Elstohy Rasha, Aneis Nevein, Mounir Ali Eman
Department of Information Systems, Obour Institutes, Al-Sharqia, Al-Sharqia, Egypt.
Department of Information communication Technology, New Cairo Technological University, Cairo, New Cairo, Egypt.
PeerJ Comput Sci. 2024 Nov 11;10:e2430. doi: 10.7717/peerj-cs.2430. eCollection 2024.

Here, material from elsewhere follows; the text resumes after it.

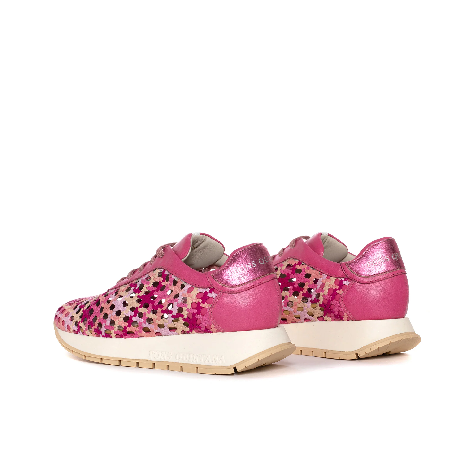Deportiva MANDY confeccionada en piel wet trenzada a mano color fresa en combinación con wet milk, nude y malva. Cierre mediante cordones a tono. Suela de goma antideslizante. Plantilla ortopédica extraíble. Altura de 3 cm. PONS QUINTANA

Labor force participation of Egyptian women has been a chronic economic problem in Egypt. Despite the improvement in the human capital front, whether on the education or health indicators, female labor force participation remains persistently low. This study proposes a hybrid machine-learning model that integrates principal component analysis (PCA) for feature extraction with various machine learning and time-series models to predict women's employment in times of crisis. Various machine learning (ML) algorithms, such as support vector machine (SVM), neural network, K-nearest neighbor (KNN), linear regression, random forest, and AdaBoost, in addition to popular time series algorithms, including autoregressive integrated moving average (ARIMA) and vector autoregressive (VAR) models, have been applied to an actual dataset from the public sector. The manpower dataset considered gender from different regions, ages, and educational levels. The dataset was then trained, tested, and evaluated. For performance validation, forecasting accuracy metrics were constructed using mean squared error (MSE), root mean squared error (RMSE), mean absolute error (MAE), mean absolute percent error (MAPE), R-squared (R2), and cross-validated root mean squared error (CVRMSE). Another Dickey-Fuller test was performed to evaluate and compare the accuracy of the applied models, and the results showed that AdaBoost outperforms the other methods by an accuracy of 100%. Compared to alternative works, our findings demonstrate a comprehensive comparative analysis for predicting women's participation in different regions during an economic crisis.
埃及女性的劳动力参与率一直是埃及长期存在的经济问题。尽管在人力资本方面有所改善,无论是教育指标还是健康指标,但女性劳动力参与率仍然持续偏低。本研究提出了一种混合机器学习模型,该模型将用于特征提取的主成分分析(PCA)与各种机器学习和时间序列模型相结合,以预测危机时期的女性就业情况。除了包括自回归积分移动平均(ARIMA)和向量自回归(VAR)模型在内的流行时间序列算法外,各种机器学习(ML)算法,如支持向量机(SVM)、神经网络、K近邻(KNN)、线性回归、随机森林和AdaBoost,都已应用于来自公共部门的实际数据集。人力数据集考虑了不同地区、年龄和教育水平的性别因素。然后对该数据集进行训练、测试和评估。为了进行性能验证,使用均方误差(MSE)、均方根误差(RMSE)、平均绝对误差(MAE)、平均绝对百分比误差(MAPE)、决定系数(R2)和交叉验证均方根误差(CVRMSE)构建预测准确性指标。还进行了另一次迪基 - 富勒检验,以评估和比较所应用模型的准确性,结果表明AdaBoost的准确率为100%,优于其他方法。与其他相关研究相比,我们的研究结果展示了在经济危机期间预测不同地区女性参与情况的全面比较分析。